**EXERCISE DATA**:
────────────────────────────────────────

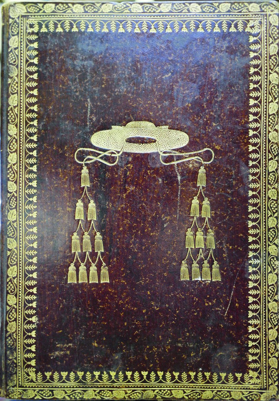 In-8 (mm. 237x157), bella legatura cardinalizia in p. pelle coeva, decorata ai piatti da eleganti cornici floreali impresse in oro, titolo oro al dorso, tagli dorati, pp. 32. Testo con alone.
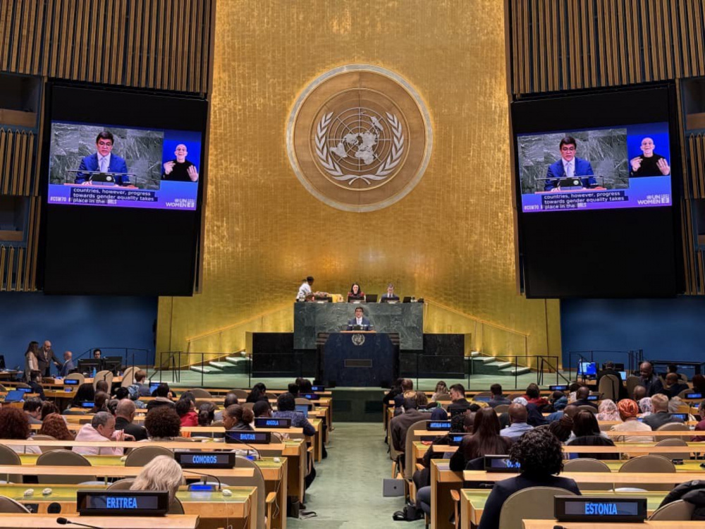 Глава делегации Кыргызстана также отметил, что сама Организация Объединенных Наций должна подавать пример в вопросах равенства.
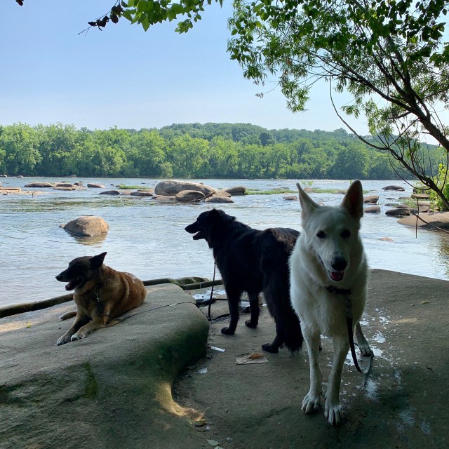 I took a moderate picture of my current dogs at the river this morning. Turner lying down – we’d just gotten there! – Mackey facing upstream, Yuki facing me. You are looking at three wonderful boys right there:
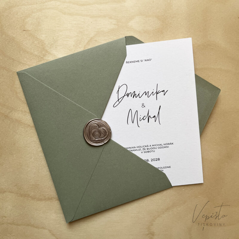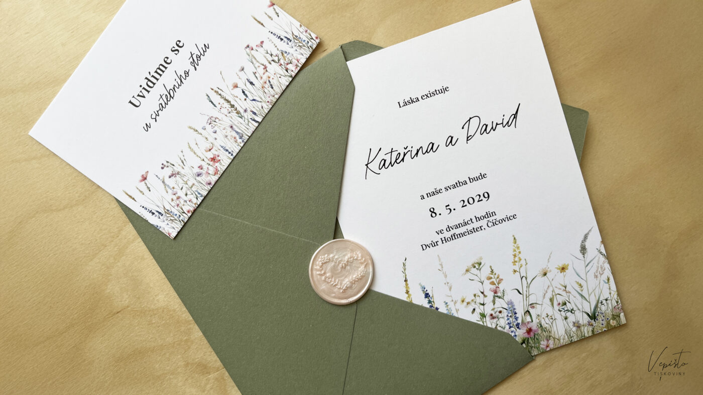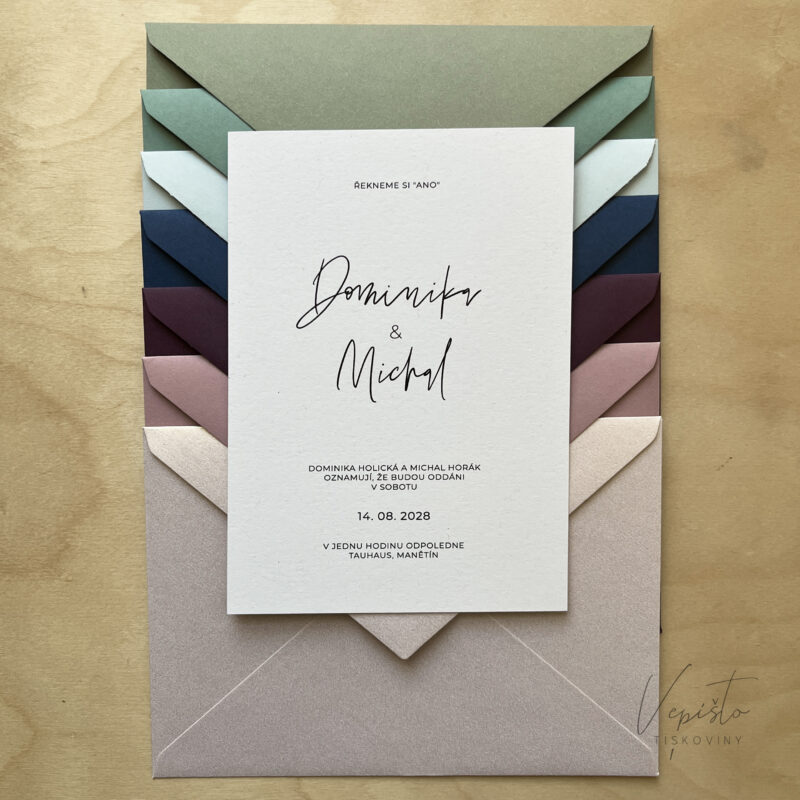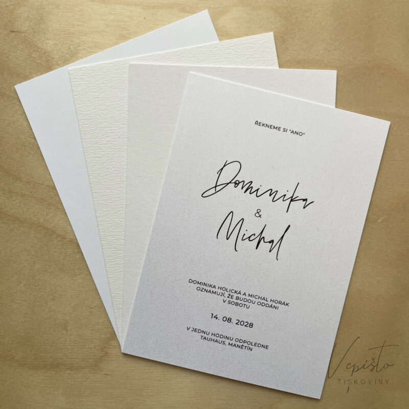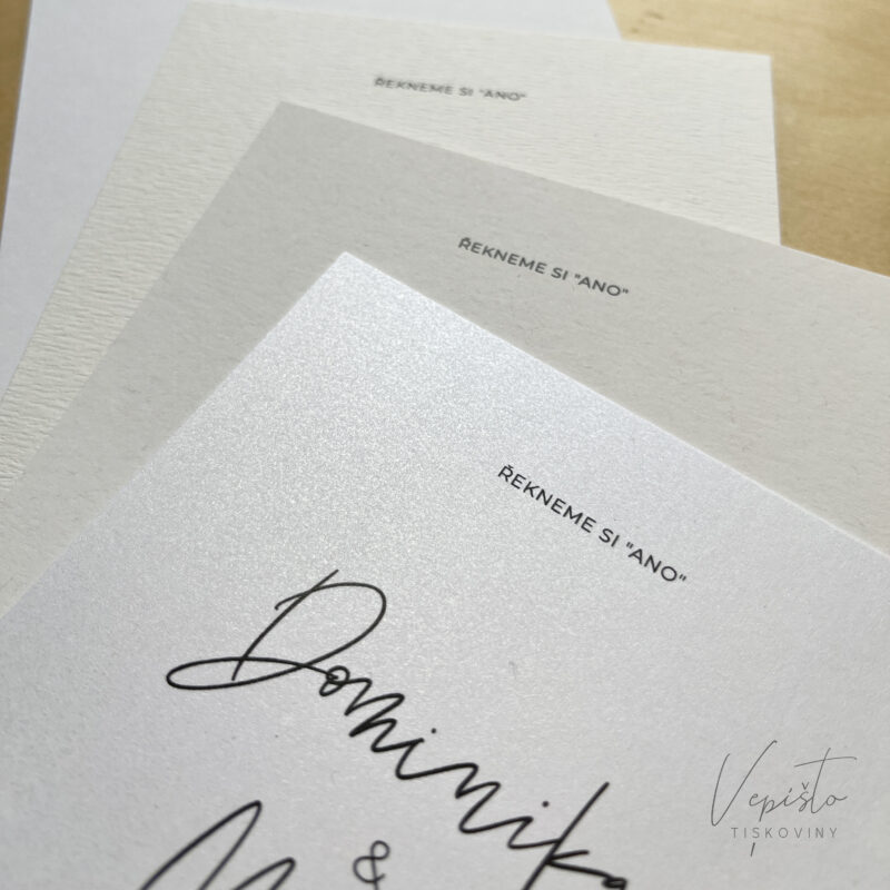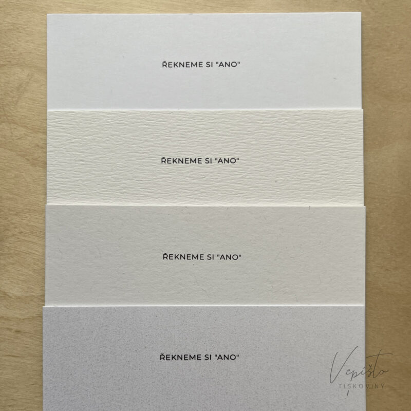 Tisknou na italské papíry Fedrigoni, které jsou jednoduše krásné. Mají čtyři druhy – hladký, strukturovaný, přírodní a perleťový, všechny o gramáži 350 g/m2. Každý z nich má jiný charakter a hodí se pro jiný styl oznámení. Moji osobní favorité jsou hladký a přírodní – působí jemně, elegantně a skvěle na nich vyniknou i ty nejmenší detaily. Kvalitní papír dělá hodně a obzvlášť to platí u minimalistických návrhů svatebních oznámení.

────────────────────────────────────────

Word for word, repeat all the data, but not its images.

**PROBLEM SOLUTION**:
 In-8 (mm. 237x157), bella legatura cardinalizia in p. pelle coeva, decorata ai piatti da eleganti cornici floreali impresse in oro, titolo oro al dorso, tagli dorati, pp. 32. Testo con alone.
 Глава делегации Кыргызстана также отметил, что сама Организация Объединенных Наций должна подавать пример в вопросах равенства.
 I took a moderate picture of my current dogs at the river this morning. Turner lying down – we’d just gotten there! – Mackey facing upstream, Yuki facing me. You are looking at three wonderful boys right there:
 Tisknou na italské papíry Fedrigoni, které jsou jednoduše krásné. Mají čtyři druhy – hladký, strukturovaný, přírodní a perleťový, všechny o gramáži 350 g/m2. Každý z nich má jiný charakter a hodí se pro jiný styl oznámení. Moji osobní favorité jsou hladký a přírodní – působí jemně, elegantně a skvěle na nich vyniknou i ty nejmenší detaily. Kvalitní papír dělá hodně a obzvlášť to platí u minimalistických návrhů svatebních oznámení.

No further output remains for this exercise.